Он толкает дверь и входит, я – за ним.
Едва мы вошли в помещение с застоявшимся запахом эфира, как там послышалось какое-то шевеление. Как, что и почему, я не успеваю проверить, потому что что-то тяжелое со страшной силой обрушивается мне на голову. Комната складывается пополам, и все погружается в темноту.
– Интересно, – бормочет Ракре плывущим голосом.
Мы сидим на кафельном полу санчасти, я и он. У него хлещет кровища не только из носа, но и со лба. На лбу страшная резаная рана, как будто специально вырезанная для носа. Можно подумать, что кто-то пытался разрубить лоб моего двухтактного горемычного товарища пополам, как полено.
– Что, интересно? – со стоном произношу я, потирая шишку на голове.
– У тебя же ноги белые! – отвечает он.
От этих слов у меня на лице появляется кислая мина. На время операции в школе следовало бы покрасить и мои костыли.
– Все дело в пигментации, – успокаиваю я его. – Дерматолог заверил меня, что, если я буду делать примочки лосьоном «Черный лев», это пройдет.
Он качает своим треснутым черепком.
– Что с нами случилось? – спрашивает он меня.
– Принимая во внимание что сейчас время позднее, – отвечаю я, – я сомневаюсь, что это был солнечный удар.
Он поднимается и в нем просыпается опытный потенциальный сыщик.
– В санчасть, я думаю, залез вор, и когда мы вошли, он нас оглушил.
– Десятка, Ракре. Тм настоящий Шерлок Скудоумный. Мне сдается, что полиция в твоем лице приобрела отличного новобранца.
Он хмурит брови и снова готов начать мордобой.
– Ну, ладно, кончай. А у тебя есть другие объяснения?
– Нет, нет, сынок, никакого другого.
Я подхожу к застекленному шкафу с лекарствами и беру пузырек йода.
– Иди сюда, я перевяжу твои раны, богатырь!
Он с нежеланием садится на металлический табурет, и я прочищаю его раны. В моей башке все гудит. Как будто туда залетел большущий шмель и в отчаянии бьется о стенки, стремясь вырваться на свободу.
– Объявляем тревогу? – спрашивает Ракре.
– Не стоит, завтра доложим обо всем директору. Зачем поднимать шум на всю контору, наш обидчик уже далеко!
Я останавливаюсь на полуслове, рука с тампоном замирает в воздухе, глаза широко открываются, и я становлюсь похож на сову, которая, потоптав прошлогоднюю траву и посмотрев в темноту, чтобы прогнать дремоту, замечает сквозь опавшую листву необычную плотву, которую принимает за халву*.
– Что с тобой? – озабоченно спрашивает Ракре.
Я показываю на раковину.
– Смотри!
Под раковиной, на кафеле, вместе с новыми прокладками, лежат отвинченная труба и отстойник.

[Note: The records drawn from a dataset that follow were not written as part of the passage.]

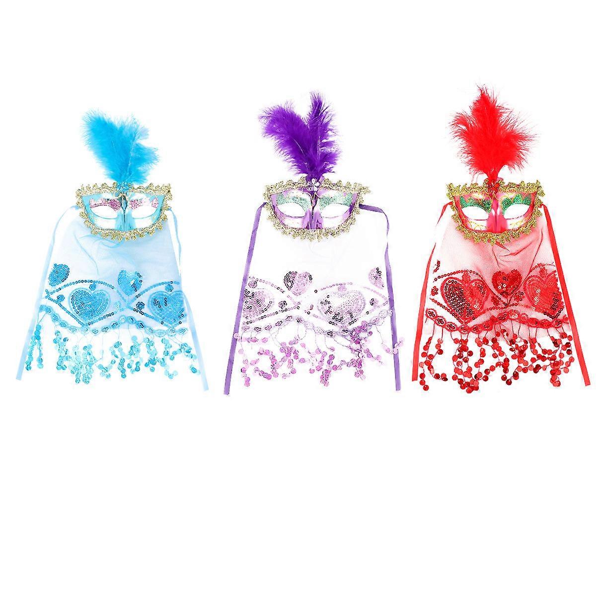 3pcs Veil Plastic Mask Halloween Cosplay Masquerade Belly Dance Masks for Lady (Blue Purple Red for Each 1pc) Package list: 3 x Veil Mask
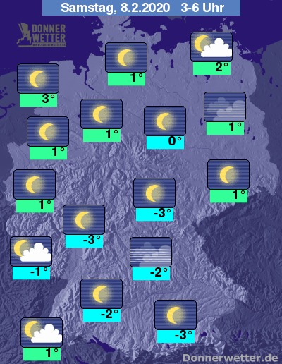 Bis zu den Frühstunden sinken die Temperaturen auf 0 bis 3 Grad in der Nordhälfte und -4 bis 1 Grad in der Südhälfte. Am Alpenrand wird es aber noch spürbar kälter. Es muss mit Reifglätte gerechnet werden.
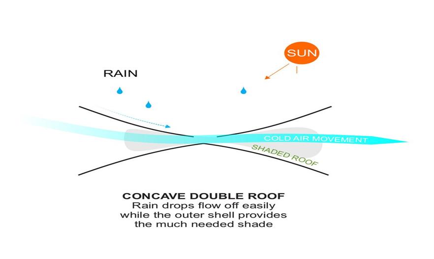 最近,BM Design Studios事務(wù)所公布了雙屋頂系統(tǒng),碗狀結(jié)構(gòu),用于雨水收集。鑒于該區(qū)域降水少,不到世界平均值的三分之一,蒸發(fā)率比世界平均值要高三倍,凹型屋頂系統(tǒng)會(huì)是一種有效地收集方法,即使是最少量的降水。
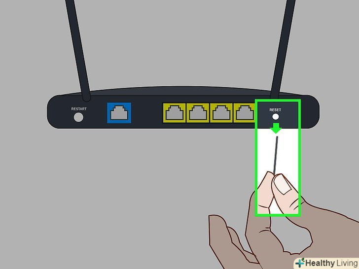 Перезавантажте маршрутизатор. за допомогою розігнутої скріпки (або аналогічного предмета) Натисніть і утримуйте кнопку «Скидання» протягом тридцяти секунд.

– Ну и что? – спрашивает он.
– Я, кажется, догадываюсь, чем нас оглушили, мой дорогой сыщик, – уверенно говорю я.
– Чем?
– Огромным разводным хромированным ключом. Этот тип возился с раковиной, когда мы вошли.
Самозарядный ночной горшок смотрит на меня и презрительно крутит указательным пальцем у виска.

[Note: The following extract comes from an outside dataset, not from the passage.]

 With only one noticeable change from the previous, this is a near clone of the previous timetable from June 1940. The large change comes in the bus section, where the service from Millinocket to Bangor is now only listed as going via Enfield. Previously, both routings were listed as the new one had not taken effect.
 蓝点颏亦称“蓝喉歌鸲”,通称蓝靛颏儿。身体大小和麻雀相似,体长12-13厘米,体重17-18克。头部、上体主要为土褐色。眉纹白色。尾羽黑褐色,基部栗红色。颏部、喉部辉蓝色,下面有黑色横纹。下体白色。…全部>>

– Кончай заливать, Белоснежка! Чинить раковину ночью! Он что, лунатик!
– Скорее всего, дух, бьющий по голове! – поправляю я.
Он переваривает рагу, образовавшееся у него в голове, и возражает:
– А что подтверждает, что он чинил раковину? Может быть, это слесари оставили?
Вместо ответа я указываю ему на кран. Из него капает. Медленно, но капает. Через отверстие в раковине на пол натекла уже небольшая лужица воды.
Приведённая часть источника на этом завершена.